As a preferred embodiment, one end of each of the links is connected to the first rotation shaft, the other end of each of the links is connected to the pressing roller, and the length of each of the links is the same.

As a preferred embodiment, the pitch diameter and the modulus of each of the driven gears are the same.

As a preferred embodiment, the pitch circle radius of each driven gear is 275 mm, the pitch circle diameter of the intermediate wheel is 150 mm, and the first rotation axis of each driven gear is located on a circumference with a diameter of 580 mm.

As a preferred embodiment, the driven gear is a sector gear, and the driving gear is a sector gear.

As a preferred embodiment, the driving mechanism comprises a hydraulic cylinder and a plunger penetrating through the hydraulic cylinder, the plunger is connected with the driving gear, and the plunger can reciprocate in a direction perpendicular to the rolling center line under the pressure of fluid in the hydraulic cylinder.

As a preferred embodiment, the driving gear has a second rotation axis, and the extending direction of the second rotation axis is parallel to the extending direction of the rolling center line.

As a preferred embodiment, the tooth width of the driving gear is larger than the tooth width of the first driven gear; and the tooth width of the driving gear is larger than that of the intermediate wheel.

The centering machine provided by the application has the beneficial effects that: according to the centering machine disclosed by the embodiment of the application, the driving gear, the driven gear and the driving mechanism are arranged, so that the opening degree of the compression roller is realized by the rotation of the driving gear and the driven gear. As the angular speed of the driving gear and the driven gear in the rotation process can be kept unchanged, the same speed of each press roller in the opening process can be ensured, and the precise synchronization of the opening of each press roller is further ensured. Therefore, the embodiment of the application provides a centering machine which can ensure the accurate synchronization of the opening degree of each compression roller.

Drawings

In order to more clearly illustrate the technical solutions of the embodiments of the present application, the drawings required for the description of the embodiments will be briefly described below, and it is apparent that the drawings in the following description are only some embodiments of the present application, and other drawings may be obtained according to these drawings without inventive effort for a person skilled in the art.

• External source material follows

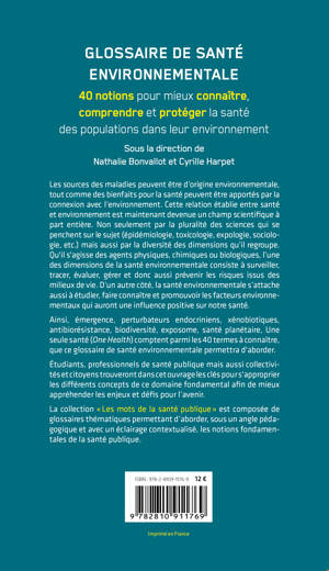 Les sources des maladies peuvent être d’origine environnementale, tout comme des bienfaits pour la santé sont apportés par la connexion avec l’environnement. Cette relation établie entre santé et environnement est maintenant devenue un champ scientifique à part entière. Non seulement par la pluralité des sciences qui se penchent sur le sujet (épidémiologie, toxicologie, expologie, sociologie, etc.) mais aussi par la diversité des dimensions qu’il regroupe. Que ce soient des agents physiques, chimiques ou biologiques, l’une des dimensions de la santé environnementale consiste à surveiller, tracer, évaluer, gérer et donc aussi prévenir les risques issus des milieux de vie. D’un autre côté, la santé environnementale s’attache aussi à étudier, faire connaître et promouvoir les facteurs environnementaux qui auront une influence positive sur notre santé. Ainsi, émergence, perturbateurs endocriniens, xénobiotiques, antibiorésistance, biodiversité, exposome, santé planétaire, Une seule santé (One Health) comptent parmi les 40 termes à connaître, que ce glossaire de santé environnementale permettra d'aborder. Étudiants, professionnels de santé publique mais aussi collectivités et citoyens trouveront dans cet ouvrage les clés pour s'approprier les différents concepts de ce domaine fondamental afin de mieux appréhender les enjeux et défis pour l’avenir. La collection « Les mots de la santé publique » est composée de glossaires thématiques permettant d’aborder, sous un angle pédagogique et avec un éclairage contextualisé, les notions fondamentales de la santé publique.

FIG. 1 is a mechanical assembly diagram of a prior art centering machine with minimal opening;

FIG. 2 is a mechanical assembly diagram of a prior art centering machine with maximum opening;

FIG. 3 is a schematic diagram of the mechanism of a prior art centering machine;

FIG. 4 is a schematic diagram of a centering machine provided by one embodiment of the present application;

fig. 5 is a simplified diagram of a centering machine provided by one embodiment of the present application.

Detailed Description

The following description of the embodiments of the present application will be made clearly and completely with reference to the accompanying drawings, in which it is apparent that the embodiments described are only some embodiments of the present application, but not all embodiments. All other embodiments, which can be made by those skilled in the art based on the embodiments of the application without making any inventive effort, are intended to be within the scope of the application.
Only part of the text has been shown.